-- Activity --
Only one span of the listing below should come back. It runs from the line with "O trabalho seguro" through the line with "白求恩大夫正在为伤员输血", and each of its lines must be reproduced exactly.

-- Exercise input --
= = = = = = =

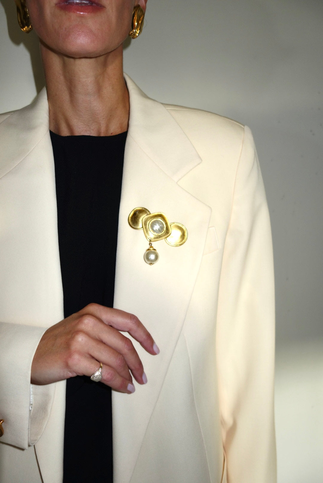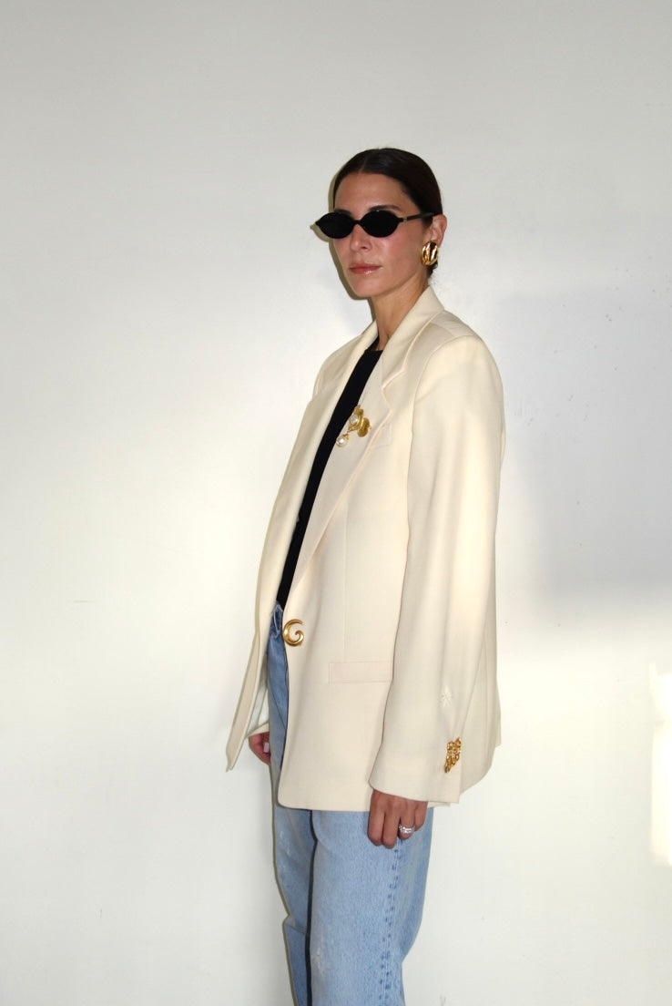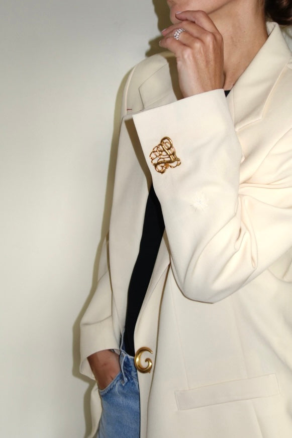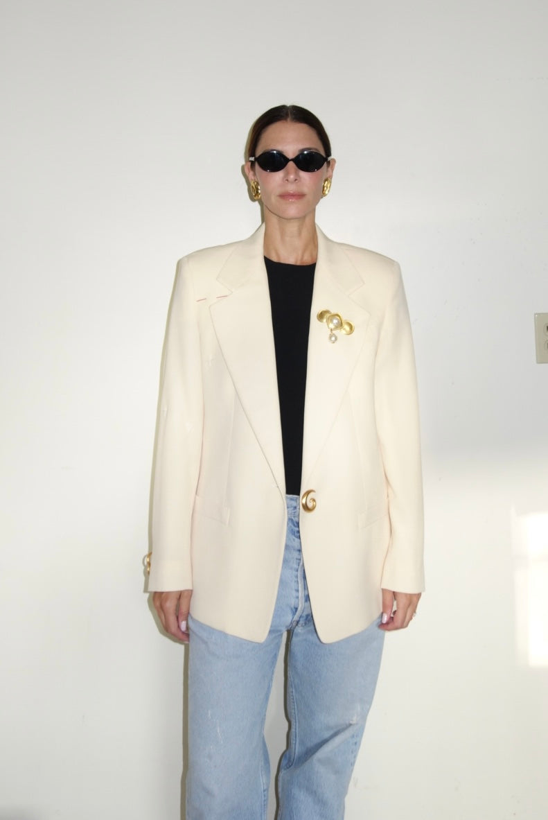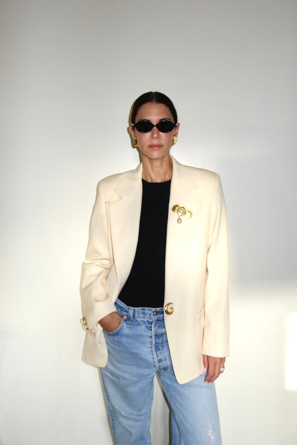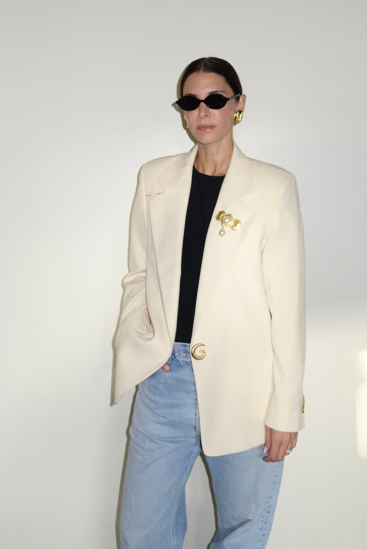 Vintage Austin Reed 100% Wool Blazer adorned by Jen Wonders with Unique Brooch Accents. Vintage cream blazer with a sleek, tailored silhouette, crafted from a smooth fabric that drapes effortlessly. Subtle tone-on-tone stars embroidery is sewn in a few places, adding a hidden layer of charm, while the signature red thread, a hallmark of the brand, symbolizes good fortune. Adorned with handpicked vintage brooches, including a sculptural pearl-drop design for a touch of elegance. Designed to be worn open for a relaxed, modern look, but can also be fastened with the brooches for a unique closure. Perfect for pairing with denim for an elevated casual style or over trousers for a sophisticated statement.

= = = = = = =

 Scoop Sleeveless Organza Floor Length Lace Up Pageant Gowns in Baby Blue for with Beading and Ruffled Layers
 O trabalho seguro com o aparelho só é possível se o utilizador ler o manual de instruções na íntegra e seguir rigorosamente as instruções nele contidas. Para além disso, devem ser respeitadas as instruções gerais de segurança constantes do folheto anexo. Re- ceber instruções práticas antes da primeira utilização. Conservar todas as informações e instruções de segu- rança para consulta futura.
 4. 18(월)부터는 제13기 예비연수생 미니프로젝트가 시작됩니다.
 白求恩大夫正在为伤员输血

= = = = = = =

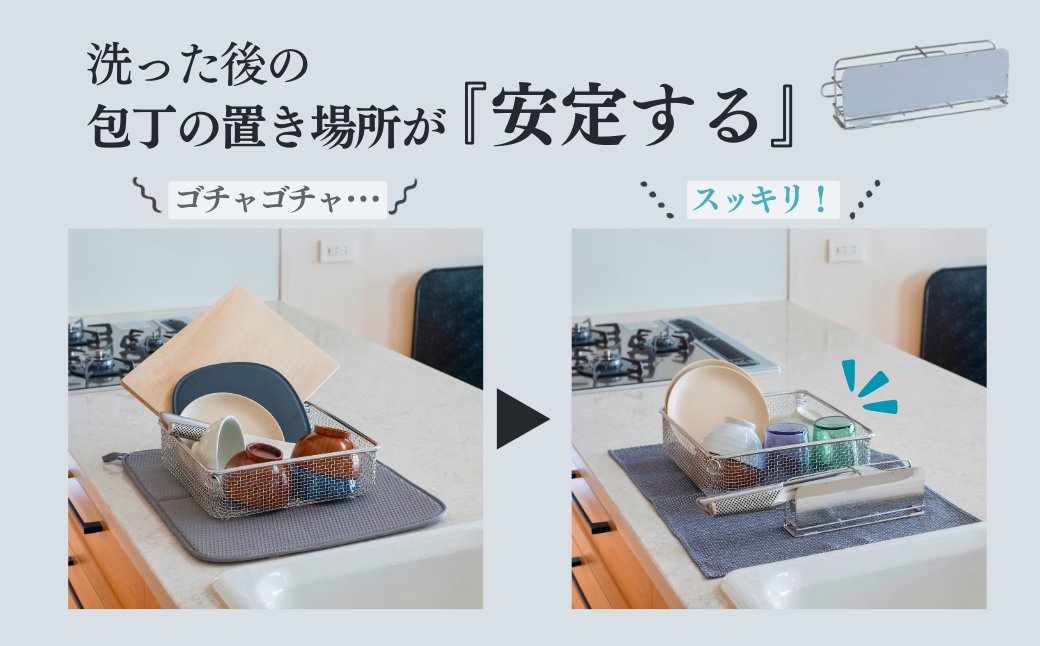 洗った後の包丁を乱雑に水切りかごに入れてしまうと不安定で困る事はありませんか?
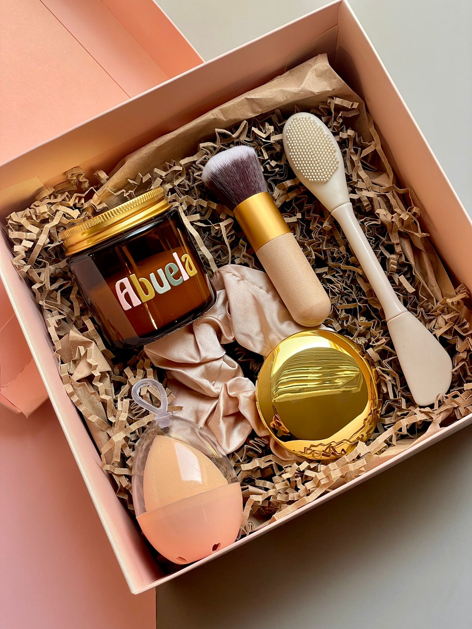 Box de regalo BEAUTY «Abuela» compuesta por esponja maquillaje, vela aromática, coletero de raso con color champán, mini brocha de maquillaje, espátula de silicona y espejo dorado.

= = = = = = =

-- Answer to the exercise --
 O trabalho seguro com o aparelho só é possível se o utilizador ler o manual de instruções na íntegra e seguir rigorosamente as instruções nele contidas. Para além disso, devem ser respeitadas as instruções gerais de segurança constantes do folheto anexo. Re- ceber instruções práticas antes da primeira utilização. Conservar todas as informações e instruções de segu- rança para consulta futura.
 4. 18(월)부터는 제13기 예비연수생 미니프로젝트가 시작됩니다.
 白求恩大夫正在为伤员输血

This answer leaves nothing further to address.